As long as I remember I’ve been thinking too much. Makes me doubt on any decision I have to make. When I’m sure and someone brings out something else then it makes me question my decision and the circle starts all over again. I never saw it as a problem but now I do. I question about life, love and everything in general. Things that there’s no answer I keep tormenting myself to find one. It affects my love life as I always question my partner’s behaviors and actions and after spending all my time thinking I question my own feelings. I guess it doesn’t allow me to just be free and live the present moment. I will focus on anything that bothers me (even small things) and make it bigger and over analyze anything and everything. Got me wondering if I’m crazy and what’s wrong with me. Got me googleing the net for solutions and questioning myself and evrtyhing about me. It’s an never-ending cycle. Sometimes, I literally have to yell at myself and say “stop it, what good am I doing to me” and after I feel better until I restart. I feel like I don’t let myself to feel and question “how do I feel” and “how am I supposed to feel”. I feel like I don’t even know what I want, who I am, what do I enjoy and I have to keep looking and questioning. Basically, I am never sure !
I decided to consult. As I need to live my life fully and be more confident and stop over-analyzing and worrying (what if this, what if that).
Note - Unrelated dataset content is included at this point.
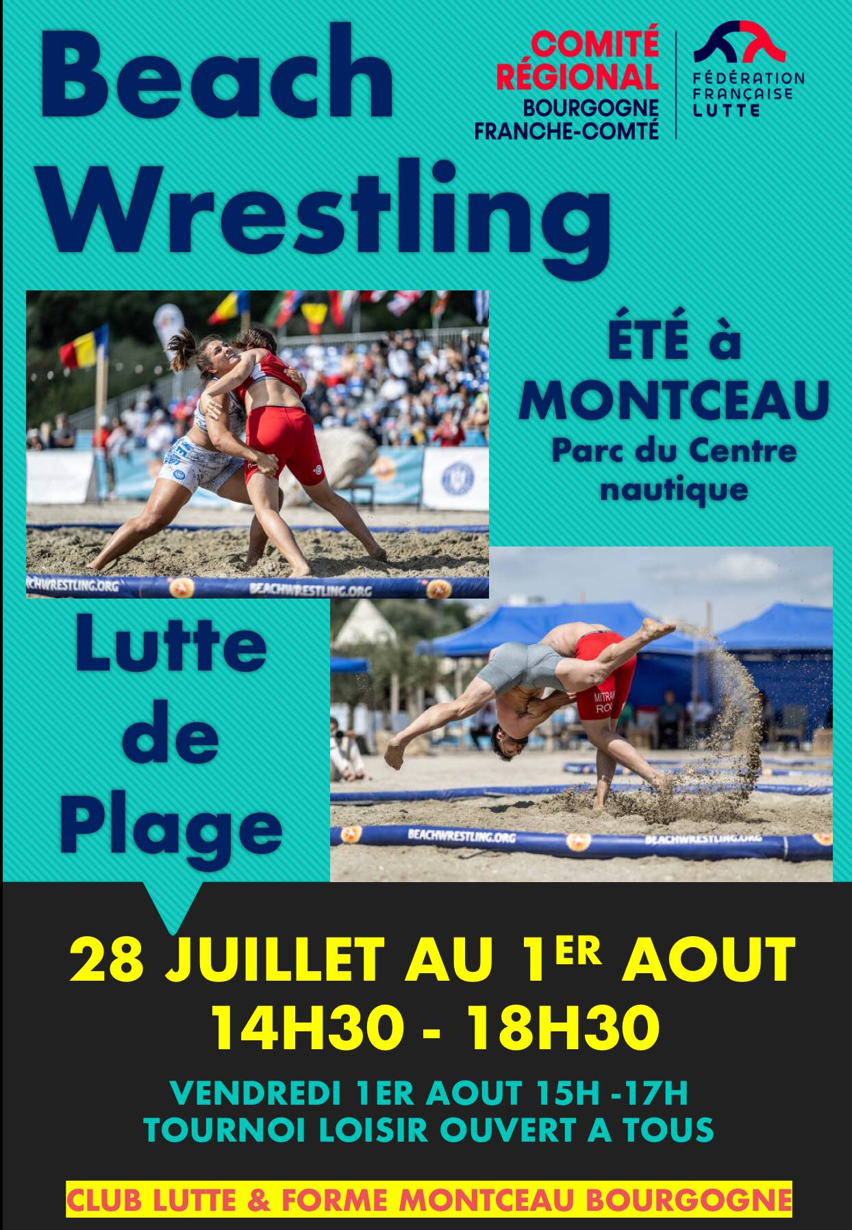 Dans le cadre de l’Été à Montceau, le club de lutte sera présent au Parc du Centre nautique du 28 juillet au 1er aout, de 14h30 à 18h30, pour la découverte et la pratique de la lutte de plage, discipline estivale développée par la fédération internationale depuis une dizaine d’années.

I need to understand that there’s no solution to everything and that nothing is or will ever be perfect.
I hope that it will work. All i know is that the first step is to aknowledge that we have a problem and to find ways to get better.
Maybe it’s just a problem of self-confidence, maybe it’s just simple. Well, I’ve been over-analyzing what it could be for too long and now taking actions.
Going tonight for my first consult. I’ll keep you guys posted on my road to let myself be free.